BYLINE: Simon Tisdall

BODY:


Britain is backing moves to refer Burma's military leaders to the international criminal court for investigation into war crimes and crimes against humanity. The move is part of a heightened campaign to force the junta to embrace genuine democratic reforms, diplomatic and government sources told the Guardian yesterday.

In a tough demarche that will increase pressure on the isolated regime ahead of planned elections this autumn, Britain's ambassador to the UN said the UK supported a recommendation by the UN special rapporteur on human rights in Burma that The Hague-based international court opens a war crimes investigation.

Speaking after a security council meeting, Sir Mark Lyall Grant said the council's five permanent members were "not sufficiently unanimous" in their views to allow an ICC referral to happen immediately.

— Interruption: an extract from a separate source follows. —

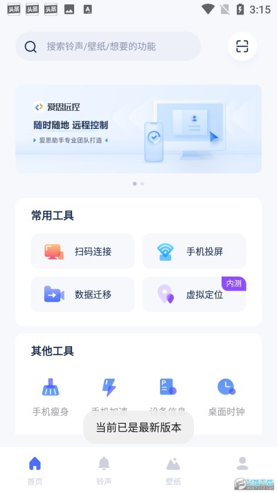 爱思助手加强版app是一款手机文件管理工具,用户可以在线进行体验,超多分类功能等你使用,还可以在线搜索想要的功能,操作简单易上手,手机一键即可进行投屏,对软件感兴趣的话不妨点击下载试试!

But if such a proposal were tabled, he said, Britain would support it. Nearly 200 MPs have backed the referral campaign.

Britain, the former colonial power, is keen to use the threat of security council action to press the junta into dropping new rules that exclude political prisoners, past and present, from standing for election or belonging to political parties.

"Our number one objective is to increase pressure on the regime to clarify the election rules and hold free and fair elections," a British official said. The UK was pursuing the issue "robustly" with the US, France and other like-minded states at the UN and in other forums, such as the Human Rights Council in Geneva, the official added.

If Burma's junta refuses to change the election rules and opposition parties are forced into a boycott, Britain is understood to be ready to propose a tough range of EU economic sanctions. Any decision on proposing such sanctions would be made by Gordon Brown, who has taken a personal interest in the plight of the Burmese people, and could come as early next week.

A government source said the election rules were "clearly taking the piss" and were not a serious effort to democratise the country, a view that was increasingly shared by Burma's neighbours in the Association of Southeast Asian Nations.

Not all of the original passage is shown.